# $$$ CO2 system for 90 gallon?



## Vonzorfox (Nov 22, 2007)

I would go with a pressurized co2 system if it were my tank. You will most likely need to use fertilizers in addition to the co2 being so close to the 3wpg mark. The co2, fertilizers and plant pruning will keep algae at bay too. Yes your plants will grow faster than without but they will be much more healthy. The initial cost of the co2 system is the shocker but a quality system is well worth it in my opinion.


----------



## OhioDave (Sep 11, 2007)

I tried the high light no co2 method. It does not work! Go ahead and do the co2 and fert method it is well worth the extra cost and effort and the rewards are quite noticable.


----------



## imeridian (Jan 19, 2007)

Also, as a suggestion on cylinder size, a 90 gallon will use a good bit of CO2. It will be much more cost-effective --generally-- to have a larger cylinder. I would go with 10lb minimum, 20lb if you can swing it. You'll have to go for refills much less often.
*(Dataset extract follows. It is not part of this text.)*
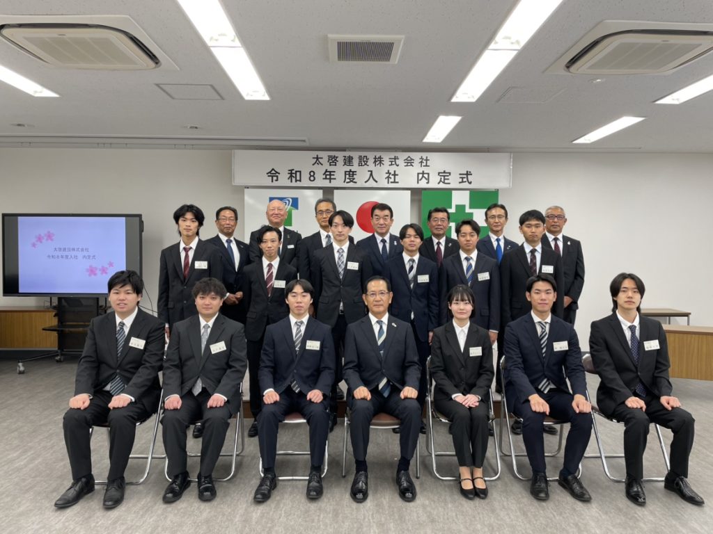 2025年10月1日、太啓建設株式会社では令和8年度入社予定者の内定式を執り行いました。

Considering the cost of refills is mainly labor, you'll save a good bit over the long term versus a standard 5lb cylinder.


----------



## sNApple (Nov 6, 2005)

my 10lb lasts me about 4-6 months for my 90gal..


----------



## davercomeau (Feb 20, 2008)

How much would the system cost for a 90 gallon? $200?


----------



## Gatekeeper (Feb 20, 2007)

with a 10 gallon tank and full reg assembly, just about that.


----------



## Vonzorfox (Nov 22, 2007)

Then you will need a diffusion method. A inline reactor would be your best bet if you have a canister filter. You can build your own for about $20.00 or buy one already made for around 35. I used this for a guide to build mine http://rexgrigg.com/diy-reactor.htm

If you don't have a canister filter then you can build one of these http://www.plantedtank.net/articles/DIY-CO2-Reactor/2/


----------